* [MATERIAL TO PROCESS]

##############################

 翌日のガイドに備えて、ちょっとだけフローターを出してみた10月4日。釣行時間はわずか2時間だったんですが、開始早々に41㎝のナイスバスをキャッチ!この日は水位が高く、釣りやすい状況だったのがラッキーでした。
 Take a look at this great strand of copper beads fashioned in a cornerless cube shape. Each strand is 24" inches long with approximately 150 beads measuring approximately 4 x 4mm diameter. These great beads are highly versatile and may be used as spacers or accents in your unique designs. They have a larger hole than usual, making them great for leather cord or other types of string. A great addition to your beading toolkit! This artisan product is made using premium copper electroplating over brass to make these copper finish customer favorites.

##############################

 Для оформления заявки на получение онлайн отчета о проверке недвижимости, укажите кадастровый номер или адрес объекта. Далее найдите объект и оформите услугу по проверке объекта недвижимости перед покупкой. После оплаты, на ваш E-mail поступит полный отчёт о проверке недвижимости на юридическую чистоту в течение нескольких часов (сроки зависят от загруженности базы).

##############################

Take the records above and return, word for word, only the lines that fall from the line with "翌日のガイドに備えて、ちょっ" to the line with "Take a look", both of them included.

 翌日のガイドに備えて、ちょっとだけフローターを出してみた10月4日。釣行時間はわずか2時間だったんですが、開始早々に41㎝のナイスバスをキャッチ!この日は水位が高く、釣りやすい状況だったのがラッキーでした。
 Take a look at this great strand of copper beads fashioned in a cornerless cube shape. Each strand is 24" inches long with approximately 150 beads measuring approximately 4 x 4mm diameter. These great beads are highly versatile and may be used as spacers or accents in your unique designs. They have a larger hole than usual, making them great for leather cord or other types of string. A great addition to your beading toolkit! This artisan product is made using premium copper electroplating over brass to make these copper finish customer favorites.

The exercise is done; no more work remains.